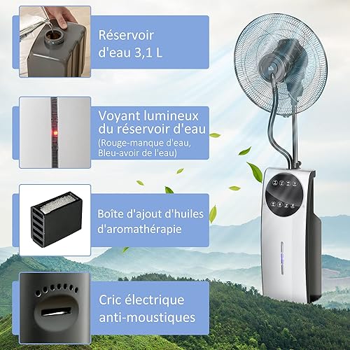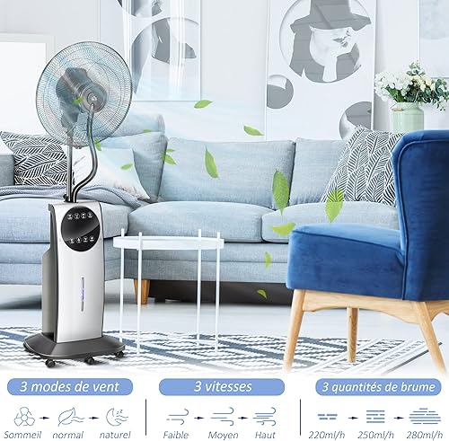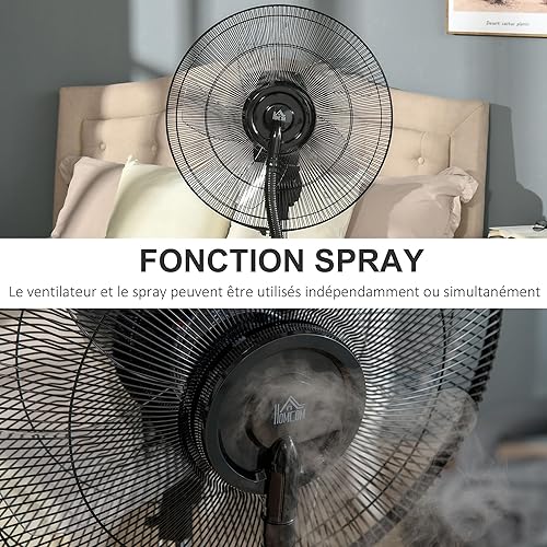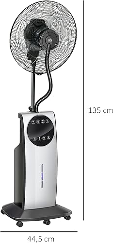 HOMCOM Ventilateur brumisateur sur roulettes 90 W télécommande - minuterie 3 modes 3 vitesses oscillant silencieux 40 x 38 x 135 cm gris noir
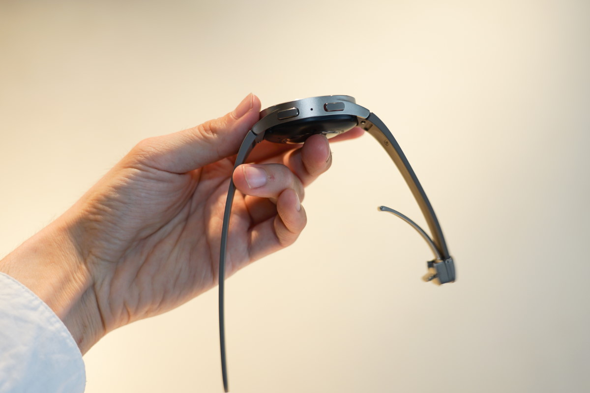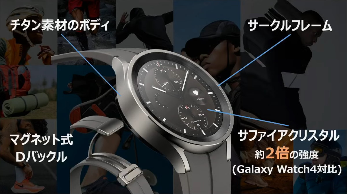 上位モデルの「Galaxy Watch5 Pro」は、チタン製の頑丈なケースとマグネット式のバックルを採用したタフなモデルです。GPS計測オンで20時間持続する大容量のバッテリーを搭載し、アウトドア活動でより使いやすくなっています。
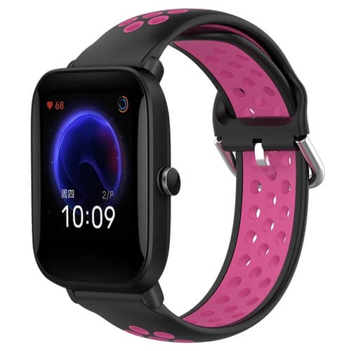 Correa de Reloj Amazfit Pop 20mm Silicona Deportiva Transpirable Perforada (Negro + Rojo Rosa)

**What you should do**
One exact copy of the data, no pictures: write it out line for line.

**Problem solution**
 HOMCOM Ventilateur brumisateur sur roulettes 90 W télécommande - minuterie 3 modes 3 vitesses oscillant silencieux 40 x 38 x 135 cm gris noir
 上位モデルの「Galaxy Watch5 Pro」は、チタン製の頑丈なケースとマグネット式のバックルを採用したタフなモデルです。GPS計測オンで20時間持続する大容量のバッテリーを搭載し、アウトドア活動でより使いやすくなっています。
 Correa de Reloj Amazfit Pop 20mm Silicona Deportiva Transpirable Perforada (Negro + Rojo Rosa)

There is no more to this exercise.